In our congregation we are approximately 90% white with a half-Japanese woman (and her 1/4 Japanese children) and a Korean lady (don't think she's from Korea). We minister to who is here - the demographic. I suppose we could go to some places where there are other ethnicities and bus them here, so that we don't look bad. 

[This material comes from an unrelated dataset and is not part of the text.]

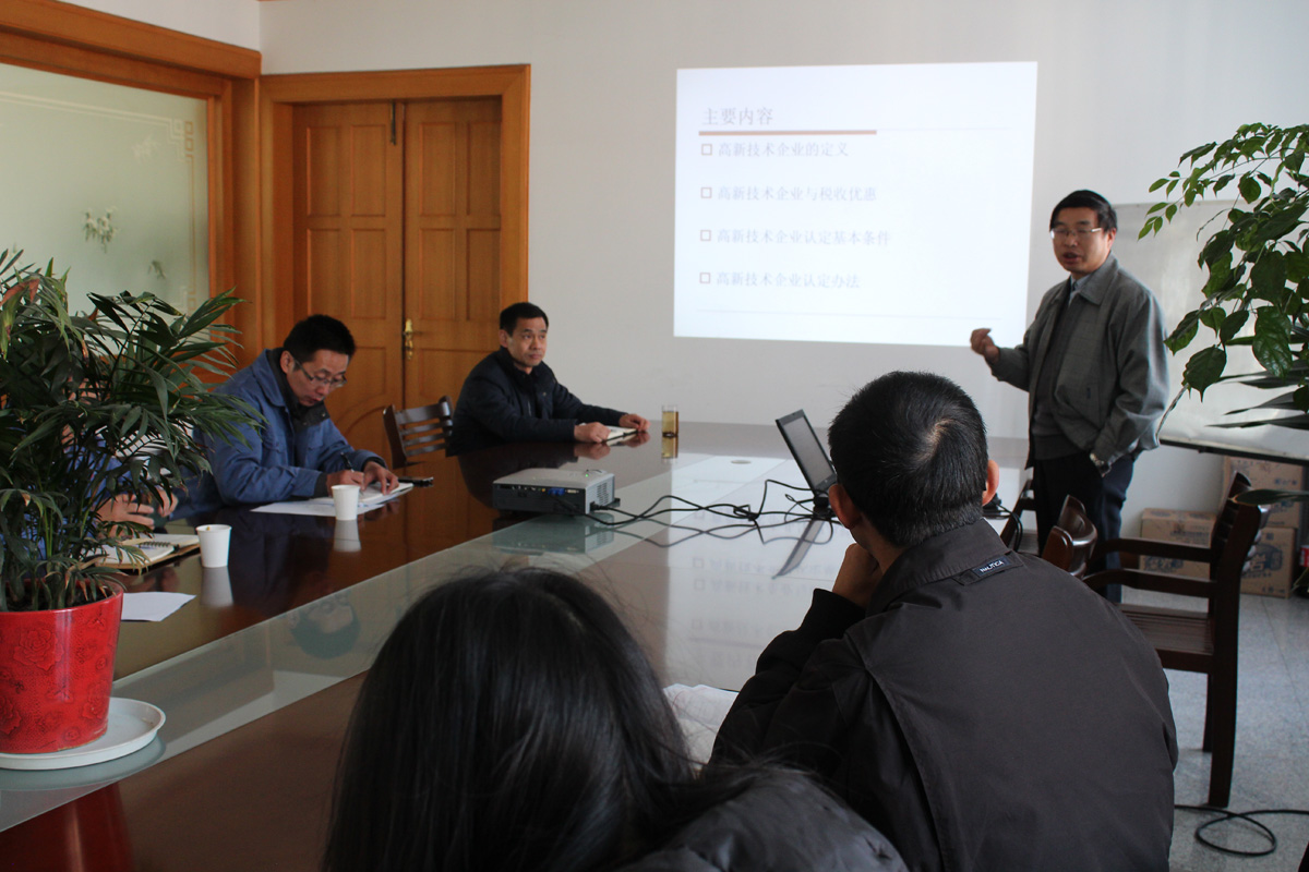 圖為張軍教授在給公司管理層解讀高新企業(yè)申報要領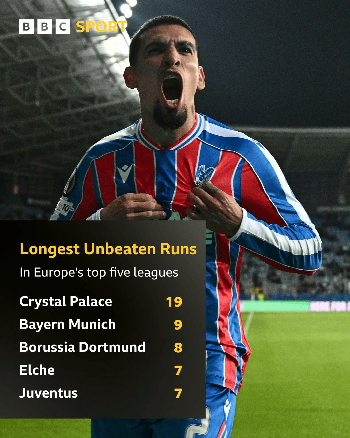 BBC也發(fā)布了統(tǒng)計,宮遙內(nèi)容為五大聯(lián)賽球隊現(xiàn)存連續(xù)不敗場次的遙領(lǐng)排行榜。

Oh, I forgot the Tex-Mex guy.


----------



## Rufus (Jul 4, 2011)

Curt said:


> In our congregation we are approximately 90% white with a half-Japanese woman (and her 1/4 Japanese children) and a Korean lady (don't think she's from Korea). We minister to who is here - the demographic. I suppose we could go to some places where there are other ethnicities and bus them here, so that we don't look bad.
> 
> Oh, I forgot the Tex-Mex guy.



Well, if Maine is anything like New Hampshire, pretty much everybody is White.


----------



## Curt (Jul 4, 2011)

Rufus said:


> Curt said:
> 
> 
> > In our congregation we are approximately 90% white with a half-Japanese woman (and her 1/4 Japanese children) and a Korean lady (don't think she's from Korea). We minister to who is here - the demographic. I suppose we could go to some places where there are other ethnicities and bus them here, so that we don't look bad.
> ...



That is correct, sir.


----------